AIM OF THE TASK
Using the records below, give again exactly the lines from the line that contains "The head office" through the line that contains "- Großes Strandzelt", both ends included, and only those.

RECORDS PROVIDED
____

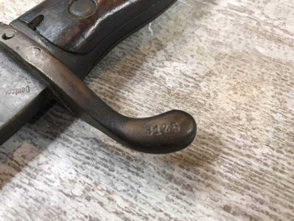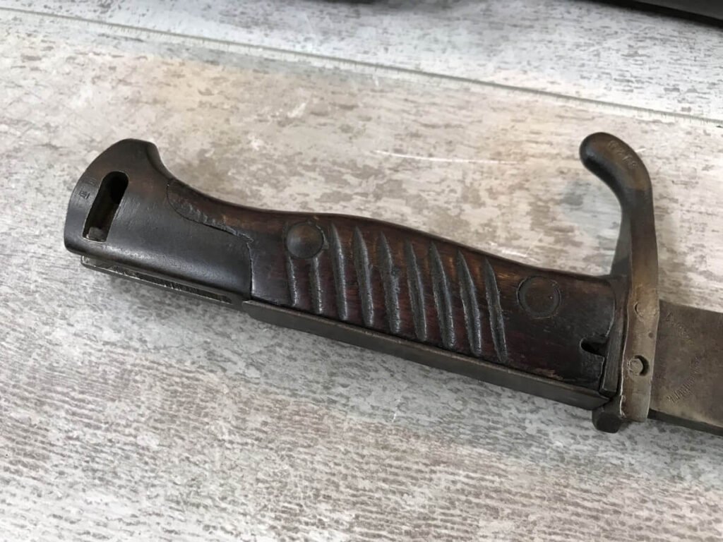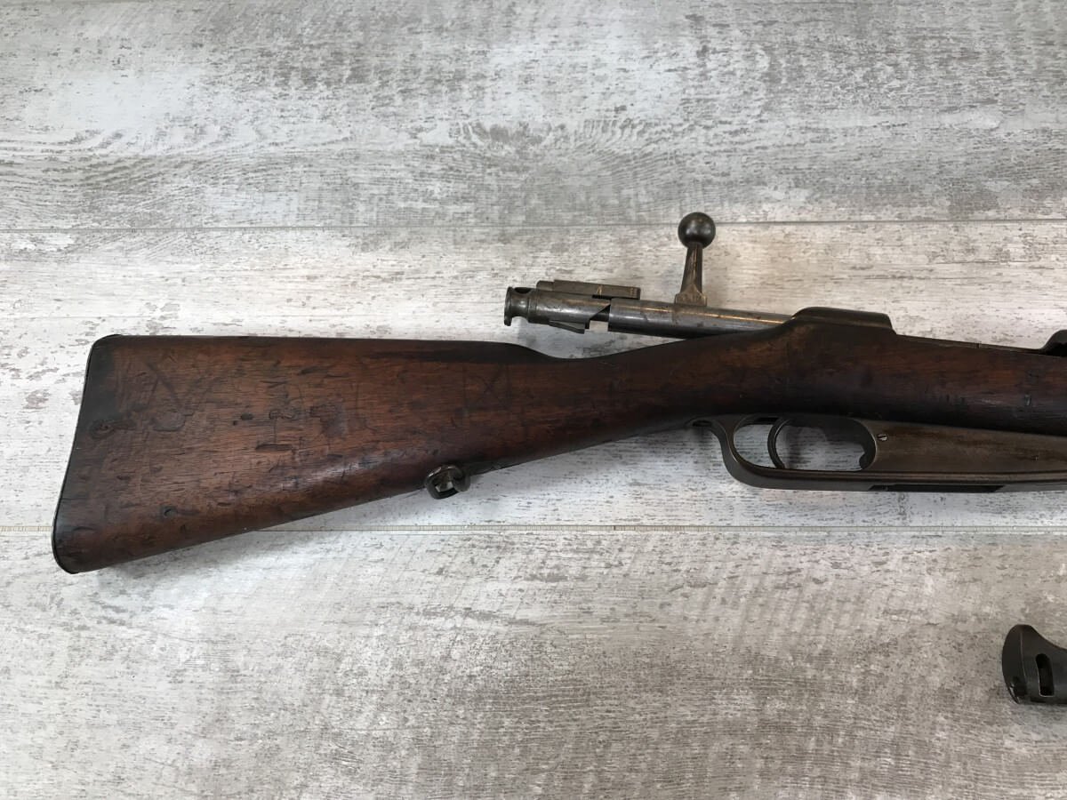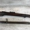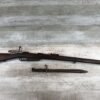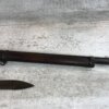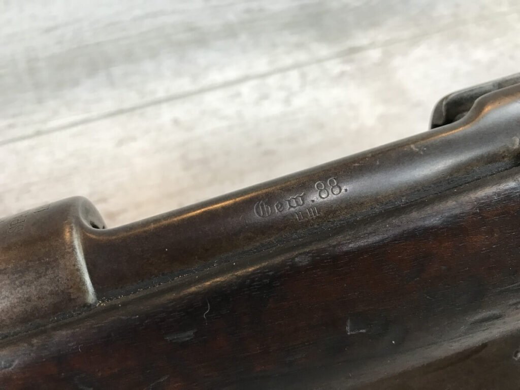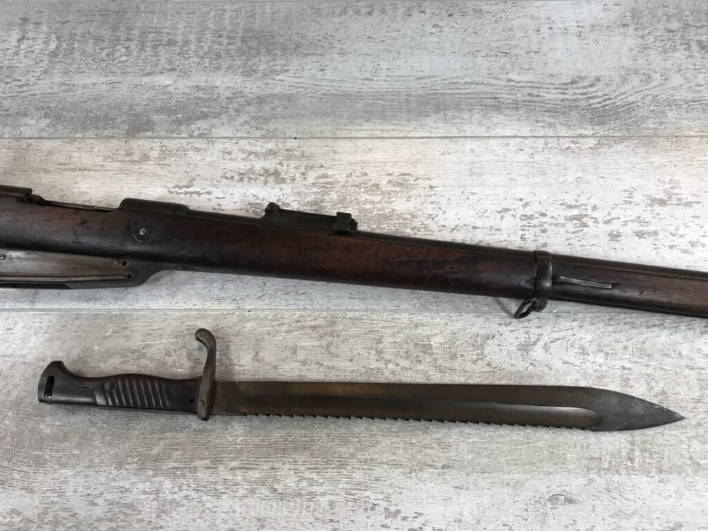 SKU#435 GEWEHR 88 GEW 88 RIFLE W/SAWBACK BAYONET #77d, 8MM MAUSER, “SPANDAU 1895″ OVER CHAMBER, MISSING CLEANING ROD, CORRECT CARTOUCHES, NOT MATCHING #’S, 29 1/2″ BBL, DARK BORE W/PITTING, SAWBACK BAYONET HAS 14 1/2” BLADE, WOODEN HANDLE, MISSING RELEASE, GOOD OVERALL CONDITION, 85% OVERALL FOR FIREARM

____

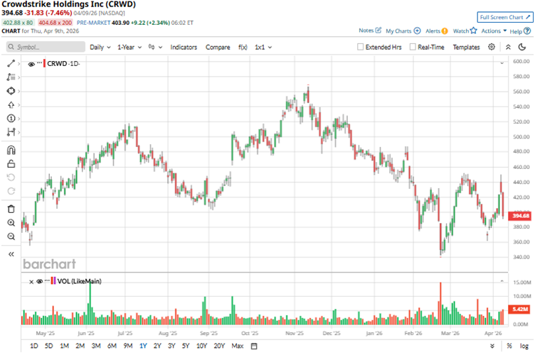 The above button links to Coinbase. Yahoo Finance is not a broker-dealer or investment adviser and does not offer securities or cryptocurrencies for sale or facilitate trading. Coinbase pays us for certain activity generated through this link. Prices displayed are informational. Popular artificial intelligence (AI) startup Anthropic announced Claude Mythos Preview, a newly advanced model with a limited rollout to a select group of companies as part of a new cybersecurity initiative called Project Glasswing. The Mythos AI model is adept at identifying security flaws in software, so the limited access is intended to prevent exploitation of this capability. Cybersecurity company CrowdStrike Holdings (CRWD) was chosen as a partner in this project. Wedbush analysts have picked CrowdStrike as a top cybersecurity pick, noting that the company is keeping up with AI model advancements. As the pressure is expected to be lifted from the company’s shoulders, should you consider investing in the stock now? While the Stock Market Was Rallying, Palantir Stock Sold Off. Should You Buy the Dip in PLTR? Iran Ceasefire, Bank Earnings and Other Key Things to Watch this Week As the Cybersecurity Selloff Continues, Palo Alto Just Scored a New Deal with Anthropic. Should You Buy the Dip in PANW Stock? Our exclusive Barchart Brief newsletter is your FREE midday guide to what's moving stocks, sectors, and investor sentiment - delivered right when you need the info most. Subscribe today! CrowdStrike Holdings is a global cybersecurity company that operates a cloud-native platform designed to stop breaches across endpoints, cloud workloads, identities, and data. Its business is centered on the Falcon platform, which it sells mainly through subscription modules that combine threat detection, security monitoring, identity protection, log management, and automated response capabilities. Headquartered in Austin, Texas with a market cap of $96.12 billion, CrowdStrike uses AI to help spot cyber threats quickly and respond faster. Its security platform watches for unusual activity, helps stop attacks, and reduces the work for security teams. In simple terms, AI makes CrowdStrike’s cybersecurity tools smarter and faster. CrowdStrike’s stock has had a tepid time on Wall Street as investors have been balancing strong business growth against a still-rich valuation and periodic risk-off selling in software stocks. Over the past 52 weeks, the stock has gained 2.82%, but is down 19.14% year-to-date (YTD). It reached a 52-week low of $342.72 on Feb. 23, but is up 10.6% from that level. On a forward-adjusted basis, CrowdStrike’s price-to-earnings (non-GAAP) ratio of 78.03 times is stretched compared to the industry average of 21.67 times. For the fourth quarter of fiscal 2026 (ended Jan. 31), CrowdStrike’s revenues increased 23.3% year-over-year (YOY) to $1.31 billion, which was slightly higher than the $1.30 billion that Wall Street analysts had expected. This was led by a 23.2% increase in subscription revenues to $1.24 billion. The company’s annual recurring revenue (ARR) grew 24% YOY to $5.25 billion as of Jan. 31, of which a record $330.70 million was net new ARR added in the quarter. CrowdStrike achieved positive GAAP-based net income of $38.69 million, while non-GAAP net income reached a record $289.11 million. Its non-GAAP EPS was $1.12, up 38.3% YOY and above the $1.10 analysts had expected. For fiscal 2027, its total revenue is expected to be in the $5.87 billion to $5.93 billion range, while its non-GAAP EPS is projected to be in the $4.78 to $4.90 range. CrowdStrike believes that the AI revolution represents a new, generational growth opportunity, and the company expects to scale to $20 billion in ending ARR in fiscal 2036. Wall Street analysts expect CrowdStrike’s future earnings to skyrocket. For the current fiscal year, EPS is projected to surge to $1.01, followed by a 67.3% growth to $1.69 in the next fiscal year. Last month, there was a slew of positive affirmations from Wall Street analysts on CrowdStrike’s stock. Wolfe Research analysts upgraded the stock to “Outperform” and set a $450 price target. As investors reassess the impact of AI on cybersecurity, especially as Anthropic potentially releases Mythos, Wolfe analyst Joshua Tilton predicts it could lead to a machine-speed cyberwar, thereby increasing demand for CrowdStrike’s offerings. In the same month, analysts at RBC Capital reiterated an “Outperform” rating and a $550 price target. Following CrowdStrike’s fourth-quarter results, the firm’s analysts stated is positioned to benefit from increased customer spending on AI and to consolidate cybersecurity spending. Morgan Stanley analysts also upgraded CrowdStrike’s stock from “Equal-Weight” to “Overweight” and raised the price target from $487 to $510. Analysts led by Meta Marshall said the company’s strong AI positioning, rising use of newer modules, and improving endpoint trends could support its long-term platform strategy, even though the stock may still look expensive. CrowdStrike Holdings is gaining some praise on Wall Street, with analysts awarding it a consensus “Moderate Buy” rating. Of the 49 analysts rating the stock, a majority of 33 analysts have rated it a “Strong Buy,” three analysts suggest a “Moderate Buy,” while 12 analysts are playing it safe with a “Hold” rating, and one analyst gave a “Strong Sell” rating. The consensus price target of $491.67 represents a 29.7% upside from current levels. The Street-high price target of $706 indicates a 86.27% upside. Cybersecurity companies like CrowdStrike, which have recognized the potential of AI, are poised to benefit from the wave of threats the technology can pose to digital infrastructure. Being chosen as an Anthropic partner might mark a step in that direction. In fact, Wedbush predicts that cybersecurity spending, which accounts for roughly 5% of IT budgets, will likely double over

____

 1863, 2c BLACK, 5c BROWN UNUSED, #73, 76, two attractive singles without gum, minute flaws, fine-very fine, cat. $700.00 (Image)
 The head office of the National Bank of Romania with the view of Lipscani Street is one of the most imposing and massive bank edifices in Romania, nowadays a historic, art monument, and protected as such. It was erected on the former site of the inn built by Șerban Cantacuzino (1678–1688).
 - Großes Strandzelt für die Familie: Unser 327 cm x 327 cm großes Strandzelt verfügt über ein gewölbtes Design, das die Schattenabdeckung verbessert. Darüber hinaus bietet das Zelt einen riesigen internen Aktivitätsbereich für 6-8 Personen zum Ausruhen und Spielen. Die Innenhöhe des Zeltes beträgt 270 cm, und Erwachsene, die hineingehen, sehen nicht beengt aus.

____

EXERCISE ANSWER
 The head office of the National Bank of Romania with the view of Lipscani Street is one of the most imposing and massive bank edifices in Romania, nowadays a historic, art monument, and protected as such. It was erected on the former site of the inn built by Șerban Cantacuzino (1678–1688).
 - Großes Strandzelt für die Familie: Unser 327 cm x 327 cm großes Strandzelt verfügt über ein gewölbtes Design, das die Schattenabdeckung verbessert. Darüber hinaus bietet das Zelt einen riesigen internen Aktivitätsbereich für 6-8 Personen zum Ausruhen und Spielen. Die Innenhöhe des Zeltes beträgt 270 cm, und Erwachsene, die hineingehen, sehen nicht beengt aus.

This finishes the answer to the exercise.